▸ EXERCISE OBJECTIVE
After locating the line with "En faisant mes" in the entries below, output it and each following line up to and including the line with "[LUNARIS] Silky Fit", exactly and without pictures.

Stored records:
------------------------------------------------------------------------

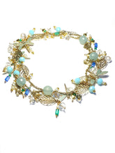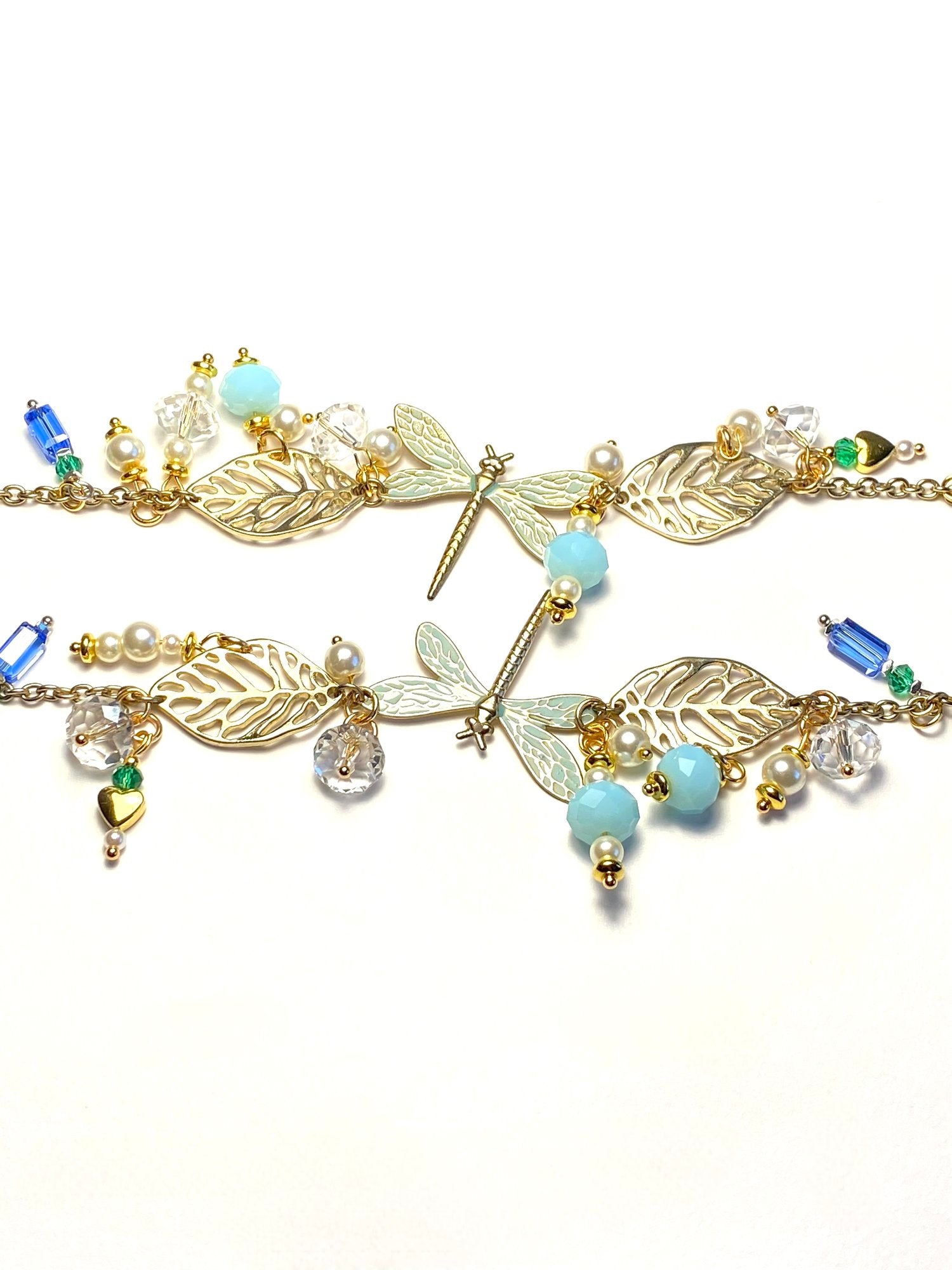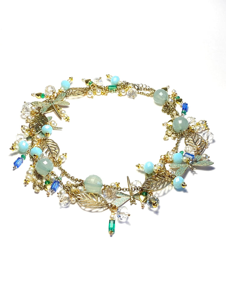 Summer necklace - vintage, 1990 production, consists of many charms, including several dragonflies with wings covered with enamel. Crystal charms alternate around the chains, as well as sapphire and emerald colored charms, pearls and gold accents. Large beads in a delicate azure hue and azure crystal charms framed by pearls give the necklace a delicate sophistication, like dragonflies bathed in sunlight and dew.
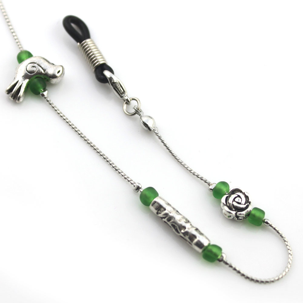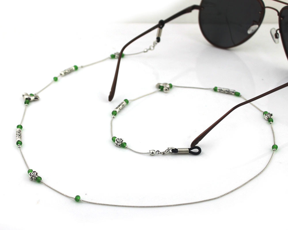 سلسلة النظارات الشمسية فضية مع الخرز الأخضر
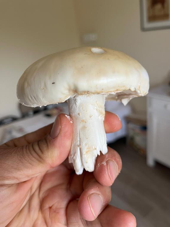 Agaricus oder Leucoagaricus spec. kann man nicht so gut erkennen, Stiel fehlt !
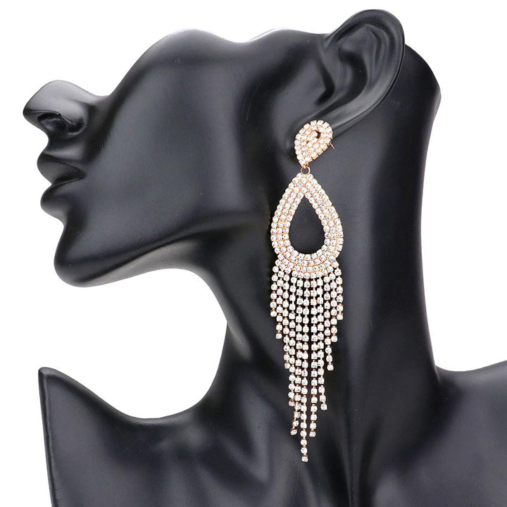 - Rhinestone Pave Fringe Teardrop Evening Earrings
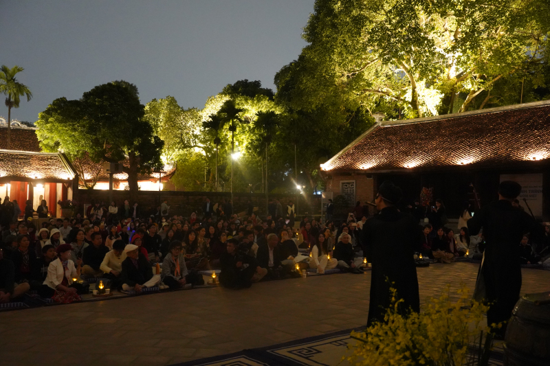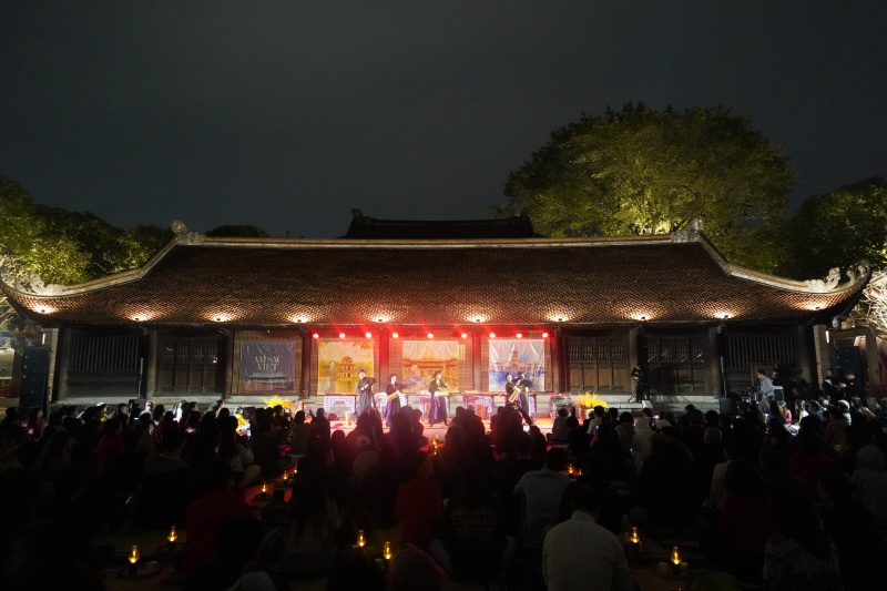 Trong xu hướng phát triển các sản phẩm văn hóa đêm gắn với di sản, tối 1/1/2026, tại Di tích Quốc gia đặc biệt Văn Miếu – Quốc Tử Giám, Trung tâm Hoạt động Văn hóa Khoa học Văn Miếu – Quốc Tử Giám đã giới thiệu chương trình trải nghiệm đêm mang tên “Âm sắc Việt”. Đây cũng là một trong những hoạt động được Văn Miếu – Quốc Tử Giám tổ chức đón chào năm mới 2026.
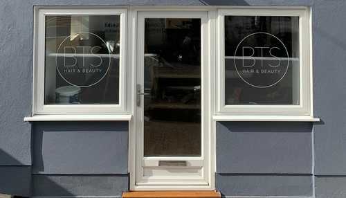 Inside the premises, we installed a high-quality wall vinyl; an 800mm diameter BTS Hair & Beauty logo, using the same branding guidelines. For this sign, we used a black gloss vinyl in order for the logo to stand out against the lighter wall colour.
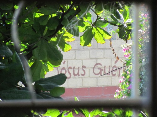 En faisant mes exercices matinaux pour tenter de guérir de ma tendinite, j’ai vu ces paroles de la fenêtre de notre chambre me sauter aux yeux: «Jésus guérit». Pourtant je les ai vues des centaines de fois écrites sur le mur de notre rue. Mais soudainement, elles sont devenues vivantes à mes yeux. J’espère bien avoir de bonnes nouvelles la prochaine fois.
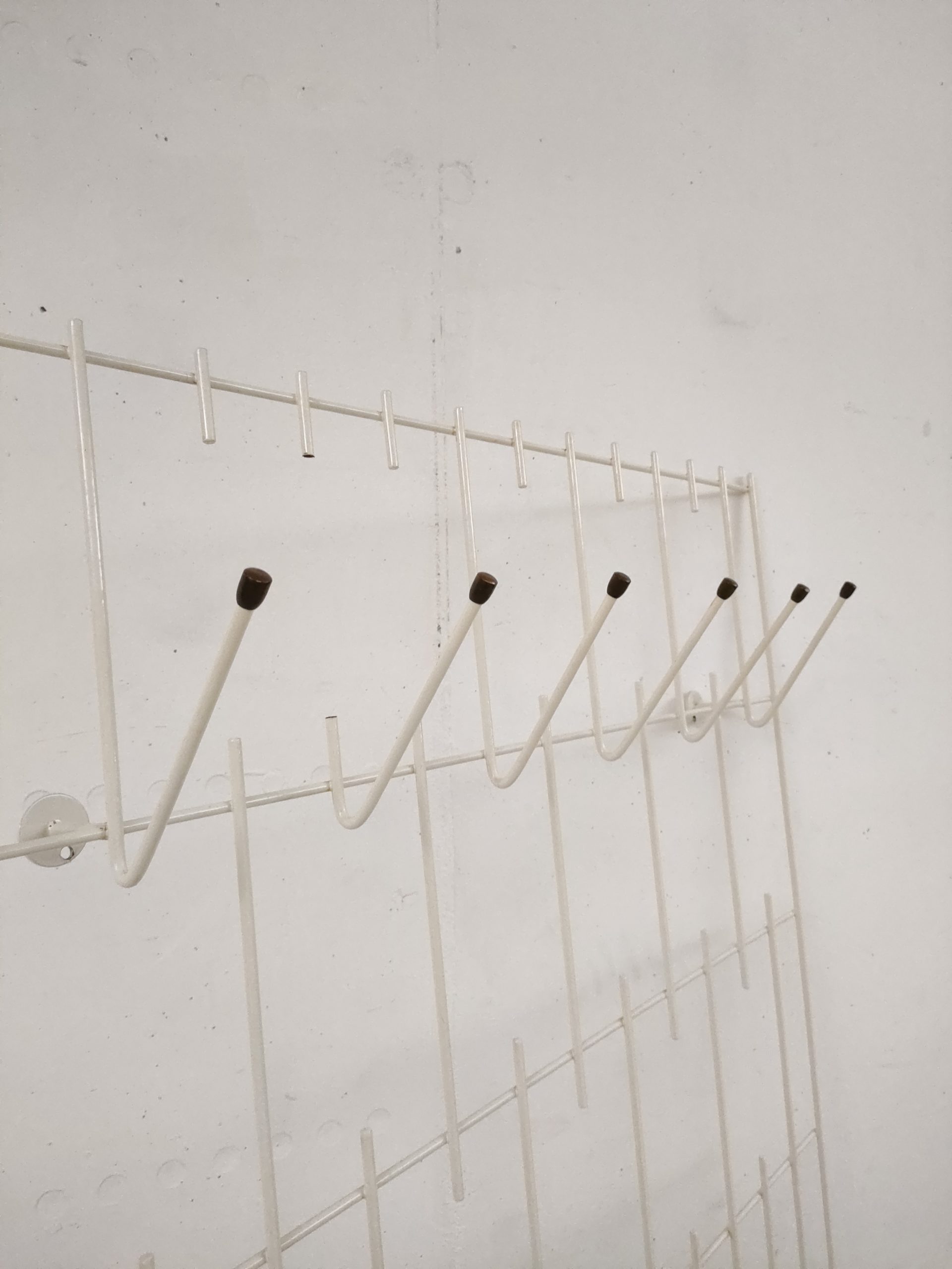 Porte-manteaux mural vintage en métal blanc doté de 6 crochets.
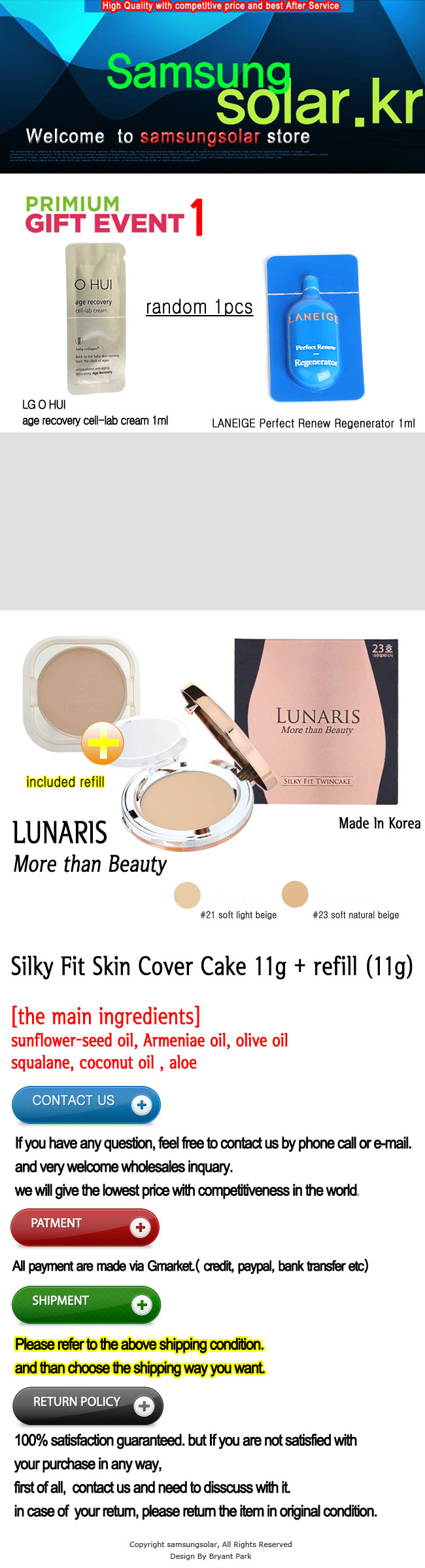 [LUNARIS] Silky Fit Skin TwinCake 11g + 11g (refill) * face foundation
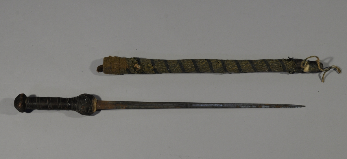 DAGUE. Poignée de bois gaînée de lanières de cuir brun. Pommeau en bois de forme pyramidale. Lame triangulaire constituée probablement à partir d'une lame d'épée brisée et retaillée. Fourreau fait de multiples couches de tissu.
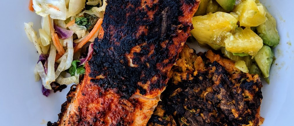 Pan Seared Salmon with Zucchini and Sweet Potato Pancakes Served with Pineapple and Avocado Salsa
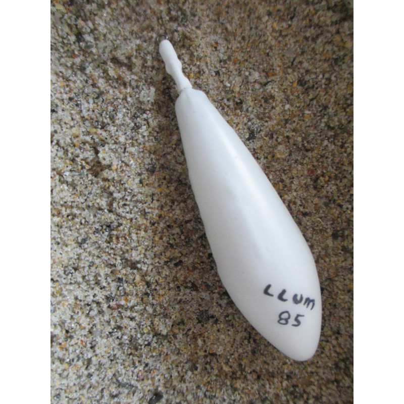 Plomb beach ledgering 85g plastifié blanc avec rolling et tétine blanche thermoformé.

------------------------------------------------------------------------

▸ TASK SOLUTION
 En faisant mes exercices matinaux pour tenter de guérir de ma tendinite, j’ai vu ces paroles de la fenêtre de notre chambre me sauter aux yeux: «Jésus guérit». Pourtant je les ai vues des centaines de fois écrites sur le mur de notre rue. Mais soudainement, elles sont devenues vivantes à mes yeux. J’espère bien avoir de bonnes nouvelles la prochaine fois.
 Porte-manteaux mural vintage en métal blanc doté de 6 crochets.
 [LUNARIS] Silky Fit Skin TwinCake 11g + 11g (refill) * face foundation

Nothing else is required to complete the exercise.